TERRE HAUTE, Ind. — Alfred Bourgeois became the 10th federal prisoner -- and the second in as many days -- put to death under the Trump administration this year as he was executed by lethal injection on Friday night.
Bourgeois, 56, was executed at the U.S. Penitentiary in Terre Haute, Indiana. He was pronounced dead at 8:21 p.m. ET.
A last-minute appeal was denied by the U.S. Supreme Court, The Associated Press reported. Bourgeois was executed a day after Brandon Bernard was put to death.
Three more executions are planned in January.
The last time the number of civilians executed by the federal government topped double digits in a year was in 1896, when President Grover Cleveland was in office, according to the AP.

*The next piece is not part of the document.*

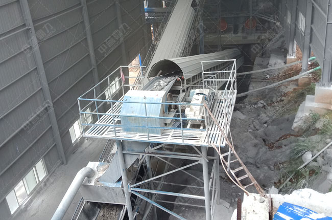 設(shè)備配置:ZSW600X150給料機+HD125顎式破碎機+SC315SC2圓錐破碎機+皮帶機

Bourgeois, a truck driver from LaPlace, Louisiana, was convicted of capital murder in 2004 for the killing of his 2-year-old daughter in 2002 at the Corpus Christi Naval Air Station, the Texas Tribune reported. According to court records, he was also found guilty of physically and emotionally torturing, sexually molesting and beating the child to death, the Corpus Christi Caller Times reported.
A jury took fewer than two hours to convict Bourgeois, WWL-TV reported. The same jury sentenced him to death.
Bourgeois met with his spiritual adviser Friday, one of his lawyers, Shawn Nolan, told the AP on Friday.
“He certainly doesn’t want to die -- and it’s harder for him to grasp being killed by the federal government. But he does get it that this is bad,” Nolan said. “He’s praying for redemption.”
In July 2002, Bourgeois, his daughter and two family members followed him on his trucking route to the Corpus Christi naval base to deliver a shipment, according to court documents.
>> Brandon Bernard executed at federal penitentiary
Documents state Bourgeois became angry with his daughter because she tipped over her potty training seat he would force her to sit on. He grabbed her by her shoulders and slammed the back of her head into the windshield around the dashboard four times, the Caller Times reported.
The child was taken to an area hospital where she later died after being on life support, the newspaper reported. The medical examiner found deep tissue bruising in every area of the girl’s body, according to court documents.
“It is impossible to adequately describe the incomprehensible cruelty demonstrated by Mr. Bourgeois during his six-week torture of this two-year-old child,” U.S. Attorney Michael Shelby said in a news release in 2004. “It is equally impossible to conceive of a case more deserving of the death penalty.”
Bourgeois’ execution is the second of five the federal government hopes to carry out before President Donald Trump leaves office on Jan. 20, The Washington Post reported.
Bourgeois’ case was classified as a federal crime because it occurred on military property, the Tribune reported.The federal executions, which began in July, were the first in the U.S. since 2003.